--- Data extract Enclosed Below ---

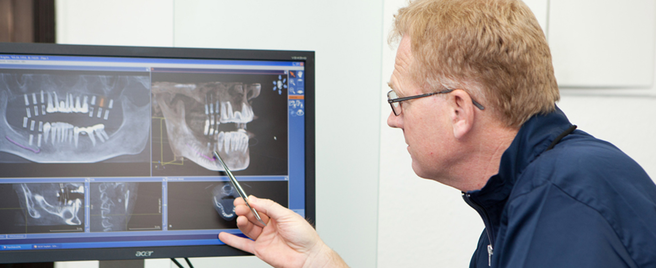 Mit dem computerunterstützten Einbringen der Zahnimplantate kann die Implantation schonend, sicher und präzise durchgeführt werden. Voraussetzung für diese Technik ist die Durchführung einer digitalen Volumentomographie.
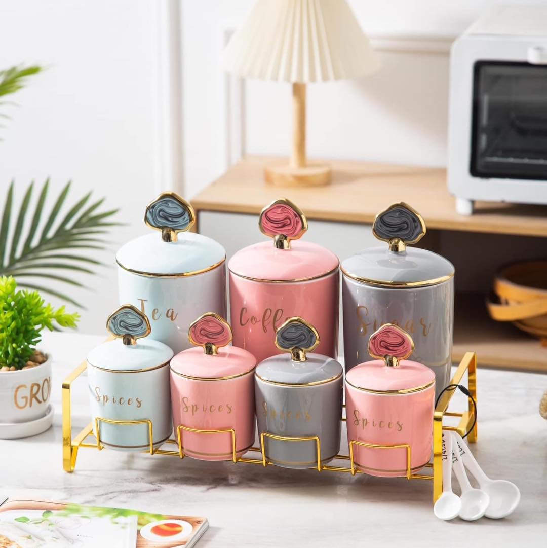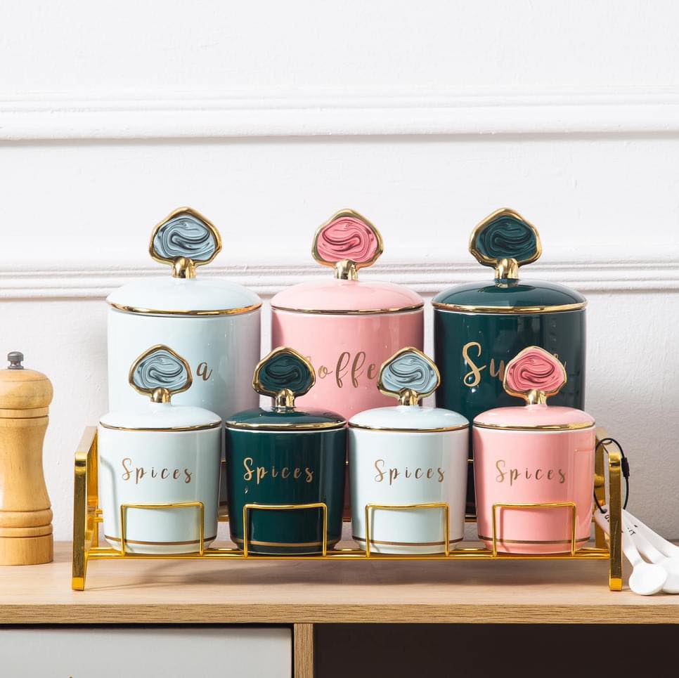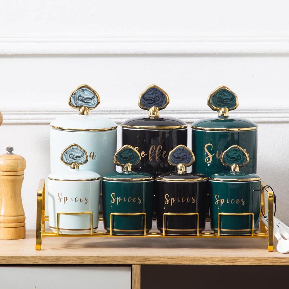 طقم توابل بورسلين ١١ ق على حامل مودرن
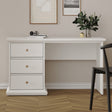 Work in style and comfort with the Wooden Desk for Home and Office with 3 Drawers - Paris, available at CozyFurnitureDirect. Combining romantic French-inspired charm with modern functionality, this desk is an elegant addition to any workspace or home office. With three spacious drawers mounted on easy-glide runners, it provides practical storage for stationery, documents and daily essentials. Crafted in Denmark from PEFC-certified sustainable wood, this desk is constructed with a durable laminated board that is resistant to scratches, moisture and heat. Designed to be both functional and stylish, the Paris desk brings sophistication and long-lasting quality to UK workspaces.
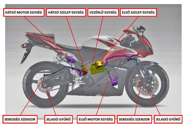 Adja magát, hogy a keréksebesség érzékelésére az ABS jeladóit használják, összehasonlítják a kerék szögsebességét az első, általában nem hajtott kerékkel. Ha a hátsó elkezd gyorsulni, akkor közbeszól. A beavatkozás mikéntje is más, így fokozottan különböző az eredménye. További okosság a rendszerben az úgynevezett egykerekezés gátló vagy lift off control. Amikor a nem hajtott kerék lassulni kezd, de a féket nem használjuk, a hajtott kerék pedig gyorsul, akkor az első kerék nincs a talajon, kicsit vissza kell venni a motorteljesítményből. Ez hasonlóan működik, mint a kipörgésgátlónál. Első lépésben az előgyújtást mérséklik, akkor a motor nyomatéka óvatosan csökken. Ha ez képtelen a kerék túlforgását mérsékelni, a tüzelőanyag befecskendezett mennyiségének csökkentése jön, majd mint vészprogram, a gyújtás lekapcsolása.

--- End of Enclosed Data extract ---

#### Aim of the exercise:
Every line from the start of the material through the line holding "طقم توابل بورسلين ١١ ق على حامل مودرن" must be returned exactly, and the pictures must not.

#### Problem solution:
 Mit dem computerunterstützten Einbringen der Zahnimplantate kann die Implantation schonend, sicher und präzise durchgeführt werden. Voraussetzung für diese Technik ist die Durchführung einer digitalen Volumentomographie.
 طقم توابل بورسلين ١١ ق على حامل مودرن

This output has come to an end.